Don’t feel like programming today? What’s the code to motivation? Sorry for that. The older I get the less I can resist the puns.
Programming takes practice, and practice can be difficult and boring. Trust me, I get it. It’s easy to give up when you hit a roadblock. Luckily, I have some tips and best practices for how you can avoid letting frustration get the best of you and how to stay motivated.
Ask yourself, what’s your “why?”
Why do you want to be a programmer? If you find yourself becoming discouraged, remember to ask yourself why you’re trying to learn. Do you have a goal in mind? Are you trying to land a specific job? Do you have a software idea in mind that you plan on building or starting up? By constantly reminding yourself what your motivation is to learn programming, you will encourage yourself to keep going. If you don’t have a reason to be motivated, you’re not going to get anywhere.
Don’t get overwhelmed by thinking about where you’ll be in a year. Set realistic goals at first for a day or a week at a time. Writing myself sticky notes with reminders on my progress and the outcome I want to reach helped me to stay motivated while I was first programming.
Keep it simple and focused. Pick 3 main reasons why you want to learn… why you want to get better. Write them down and put it next to your mirror so you read it every morning while you brush your teeth. Set a reminder on your phone. Put a post-it note on your computer screen. Just make sure each day you read your “why” first thing… and you’ll be ready to crush your daily goals.
Choose the best path for yourself and stay focused
When you’re first starting out programming, all the different languages can seem overwhelming. Try to visualize what you want long term. What fascinates you? Pick one particular language or area and do it until you fee comfortable writing from scratch.
I found myself easily getting distracted by how much I had to learn instead of just figuring out the problem in front of me. Stay the course and trust that, if you put in the work, you WILL get to your goal.

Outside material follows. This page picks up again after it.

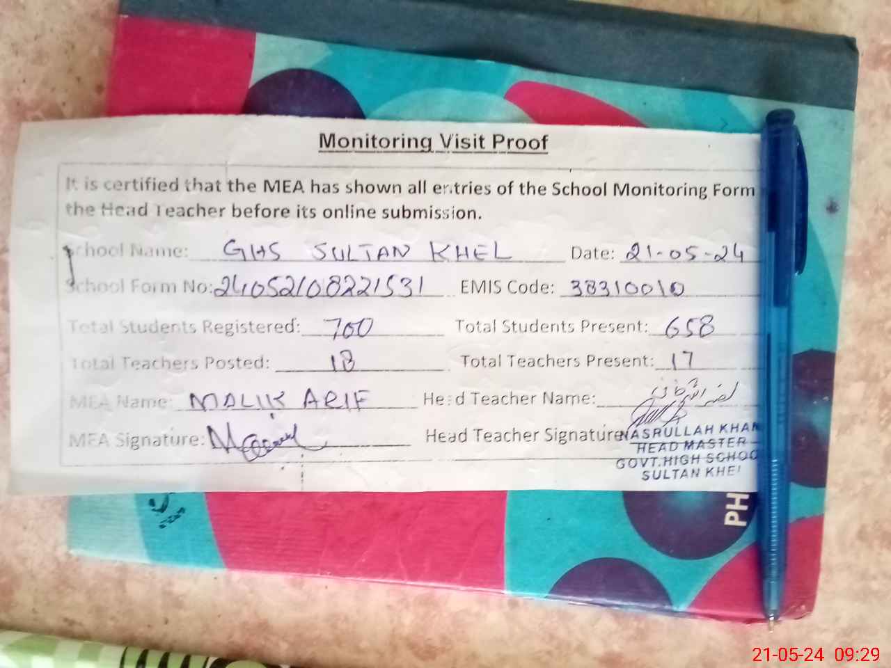 | EMIS Code: 38310010 | Name of School: GHS SULTAN KHEL | |||

Schedule specific times to practice
This is crucial… especially if you’re self taught like me and not following a formal class. Once you choose what you want to learn, figure out the best routine for you to fit regular practice into your schedule.

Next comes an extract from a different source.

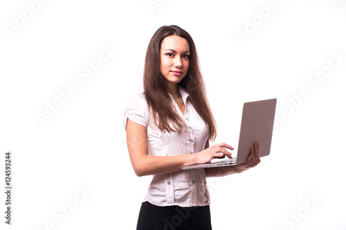 Naklejka premium Successful business woman holding a laptop - isolated over white

If you’re anything like me, sitting in front of the computer for three hours watching modules gets old quick. Set aside time daily for smaller period increments if you know you lose focus when your forced to practice for hours on end. Try splitting your training up into 30 or 60 minutes here and there. Making a habit to set aside time to code (just like brushing your teeth is part of your daily routine), will eventually make learning feel more like a natural part of your day.
If you find yourself getting frustrated with what you’re coding then pause and work on something else. Taking a break can help prevent coding fatigue. Sometimes taking a break and coming back to a problem the next day with a clear mindset can help you overcome the issue.
Make sure that you streamline what you want to focus on, so that the time you spend learning and practicing is effective. For instance, if you choose to focus on learning SQL, don’t start browsing tutorials on HTML at the same time. Hold yourself accountable to what you planned on learning and accomplishing with each session. Remember – the end goal here is to get into IT.
I recommend reading books or breaking things up into modules. Modules are great because they allow you to focus on one specific topic at a time. Try to code as you learn and go along with the module. It helps me pick up the concept better when I experiment with the code I am learning as I go.
There are a lot of people out there charging boatloads of money for courses and tutorials. When you’re just starting out, I recommend learning by watching free videos on YouTube. This will suffice for the basic concepts you’re trying to learn. There are plenty of other free options out there, and I will be sharing those on this site in the future.
Focus on projects that you find interesting
Try to pick up projects to help you practice that seem appealing to you. For instance, I recommend finding side gigs on upwork.com. Picking up a side gig has perks by motivating you to work for money while also allowing you to practice coding at the same time. What matters at first is having a project you enjoy and a goal to work towards.
Don’t aim to build anything complex at first. You don’t want to fail and become discouraged. There are a decent amount of projects out there that newer programmers could work on… it just may take a bit to get the first project. We’ll examine side-gigs more in future articles, but keep that in mind.
Work with others
Find a coding buddy. I find that working with friends or creating a club helps me to commit to a scheduled time I plan on programming. It also makes things more fun and allows for creativity and innovation among the group.
Finding a mentor is also a great resource to help you learn while staying motivated. Having someone that you can speak with and that can help advise you when issues arise can help limit your frustration. Being able to ask someone with experience for help can go a long way.
Connect with and reach out to people on LinkedIn. People are often more than willing to help out and be a resource. You’d be surprised. Also, look up meetups in your area and network.
Remember that lack of motivation has affected most programmers out there at some point. You’re not alone. You’re in charge of your future and the only thing stopping you from becoming a great programmer is your work ethic and determination.